## RECORDS SUPPLIED
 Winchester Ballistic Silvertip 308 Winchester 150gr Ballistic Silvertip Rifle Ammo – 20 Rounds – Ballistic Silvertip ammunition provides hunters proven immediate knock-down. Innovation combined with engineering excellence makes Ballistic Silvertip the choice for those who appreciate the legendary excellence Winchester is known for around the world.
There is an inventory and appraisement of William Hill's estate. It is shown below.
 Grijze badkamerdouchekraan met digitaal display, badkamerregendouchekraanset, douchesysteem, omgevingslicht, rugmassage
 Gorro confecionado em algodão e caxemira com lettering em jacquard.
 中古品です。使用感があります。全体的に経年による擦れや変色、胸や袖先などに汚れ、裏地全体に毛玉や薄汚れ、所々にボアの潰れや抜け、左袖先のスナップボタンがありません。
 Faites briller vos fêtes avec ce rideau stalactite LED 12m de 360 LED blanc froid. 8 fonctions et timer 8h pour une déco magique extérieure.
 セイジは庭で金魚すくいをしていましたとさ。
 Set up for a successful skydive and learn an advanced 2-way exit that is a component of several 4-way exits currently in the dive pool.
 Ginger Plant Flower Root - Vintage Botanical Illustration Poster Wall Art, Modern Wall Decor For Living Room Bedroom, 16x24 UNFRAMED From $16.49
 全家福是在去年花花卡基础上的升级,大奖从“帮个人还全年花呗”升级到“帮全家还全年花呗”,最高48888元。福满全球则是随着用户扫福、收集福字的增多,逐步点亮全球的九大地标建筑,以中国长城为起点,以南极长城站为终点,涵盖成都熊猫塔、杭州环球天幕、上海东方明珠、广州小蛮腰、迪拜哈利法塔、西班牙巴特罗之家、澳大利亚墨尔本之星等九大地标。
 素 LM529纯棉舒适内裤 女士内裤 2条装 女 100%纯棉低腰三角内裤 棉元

## TASK DIRECTIONS
Repeat, character for character, the lines of the material above from the line with "Gorro confecionado em" through the line with "中古品です。使用感があります".

## TASK RESULT
 Gorro confecionado em algodão e caxemira com lettering em jacquard.
 中古品です。使用感があります。全体的に経年による擦れや変色、胸や袖先などに汚れ、裏地全体に毛玉や薄汚れ、所々にボアの潰れや抜け、左袖先のスナップボタンがありません。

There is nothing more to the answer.